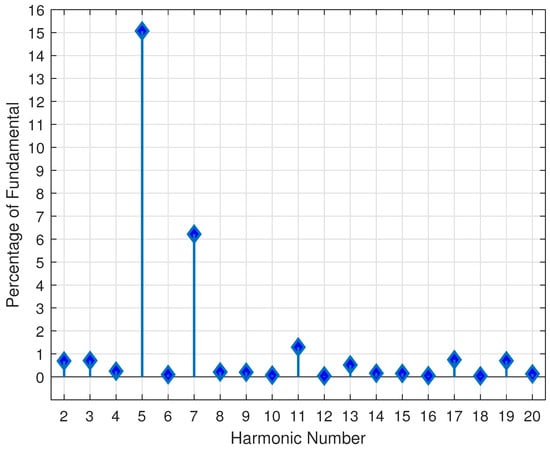 Finally, the harmonic ratios of the entire current waveform are calculated using Equation (5), as described in Section 2.1.4. An excellent indicator of CT saturation is when the second and third harmonic currents respectively exceed the thresholds of 15% and 5% of the fundamental.
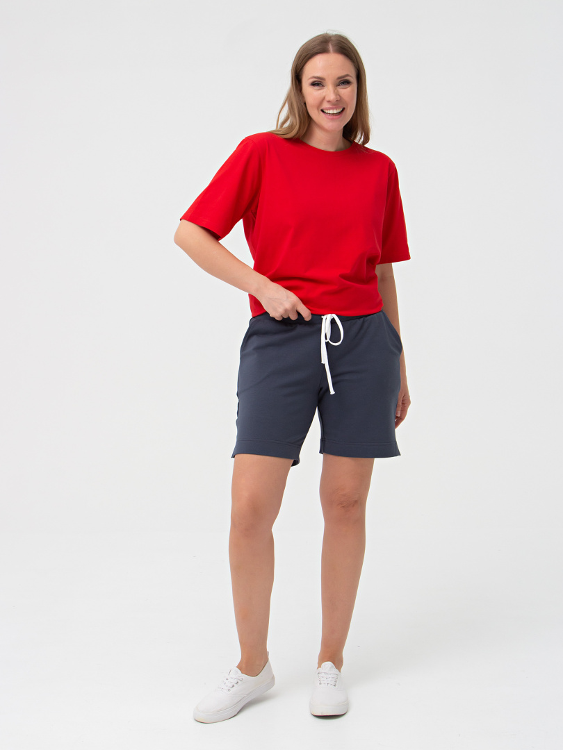 Шорты средней длины, выполненные из плотного трикотажного полотна - футер. Модель с удобной средней посадкой. Пояс на широкой резине со шнуром. На передних половинках боковые карманы с наклонным входом. По боковым швам – небольшие разрезы.
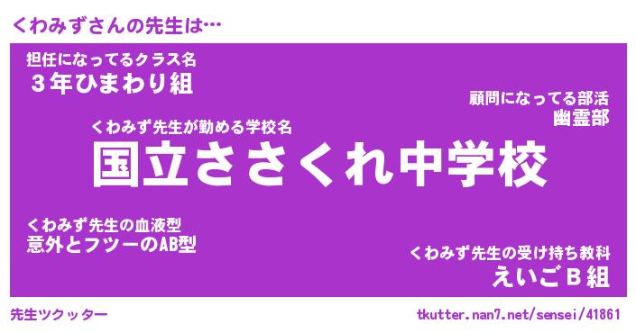 | 意味不明あだ名 | 『ペロリンくわみず』『永久保存くわみず』 |
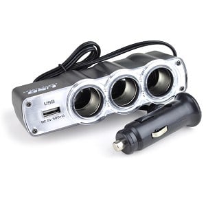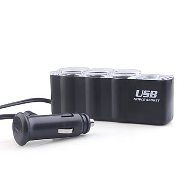 Adaptér, roztrojka do autozapalovače WF-0120 3x12V + USB 5V 500mA s kabelem.
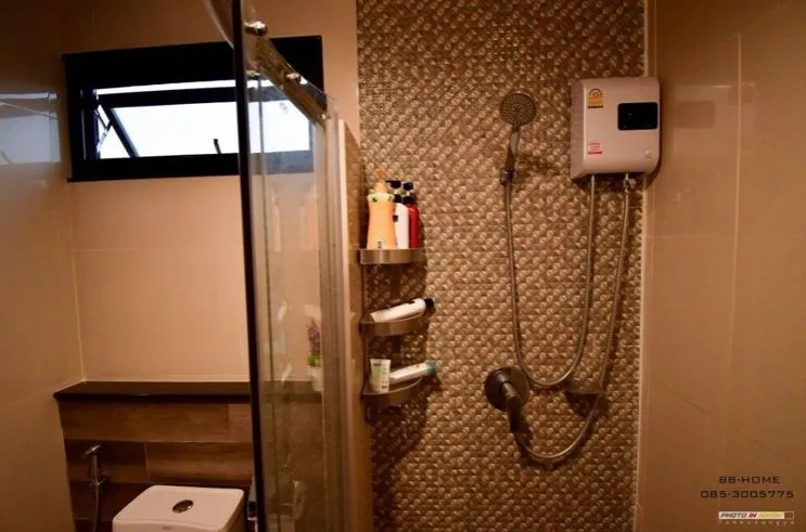 มาถึงอีกห้องที่มีความสำคัญอีกห้อง นั่นก็คือห้องน้ำนั่นเองห้องนี้คือห้องที่จะมอบความสุขให้เราทุกคน ตกแต่งได้อย่างสวยงาม อุปกรณ์สุขภัณฑ์ครบครับ ห้องอาบน้ำน่าอาบ เชื่อว่าได้เข้าไปทำธุระแล้ว คงต้องอยากอยู่นานๆ อาบน้าเย็นๆ อย่างผ่อนคลาย
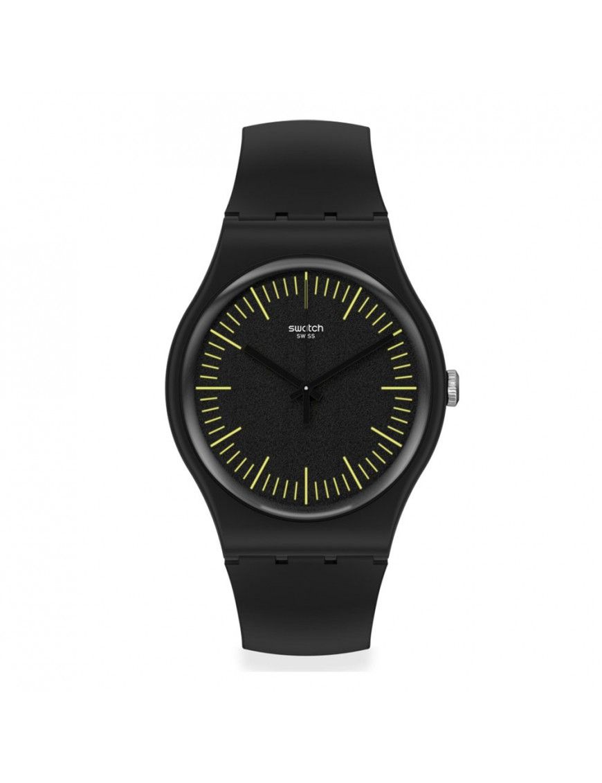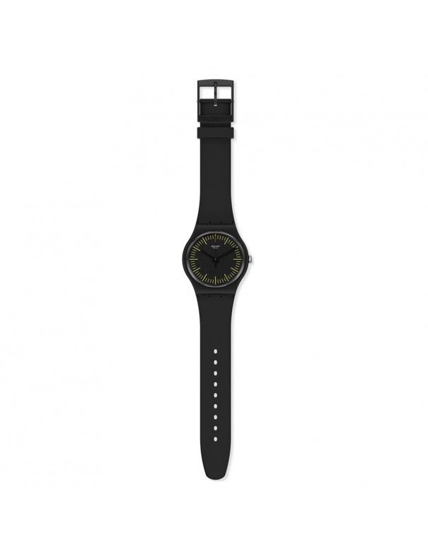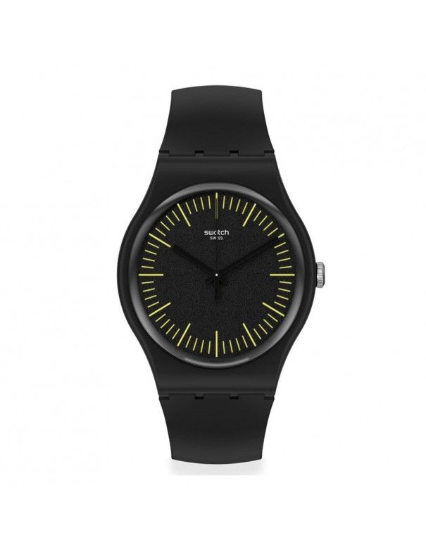 Reloj Swatch Blacknyellow SUOB184 Hombre, analógico con segundero. Caja de plástico de 41mm de diámetro y pulsera de caucho negro. Sumergible a 3ATM por lo que sólo soporta pequeñas salpicaduras.
★ ★ ★ ★ ★ ★ ★
## TASK DETAILS
Work from the entries above. Set down exactly and only the lines from the line with "Шорты средней длины, выполненные" to the line with "Adaptér, roztrojka do", both included, and leave the pictures out.

## RESULT OF THIS TASK
 Шорты средней длины, выполненные из плотного трикотажного полотна - футер. Модель с удобной средней посадкой. Пояс на широкой резине со шнуром. На передних половинках боковые карманы с наклонным входом. По боковым швам – небольшие разрезы.
 | 意味不明あだ名 | 『ペロリンくわみず』『永久保存くわみず』 |
 Adaptér, roztrojka do autozapalovače WF-0120 3x12V + USB 5V 500mA s kabelem.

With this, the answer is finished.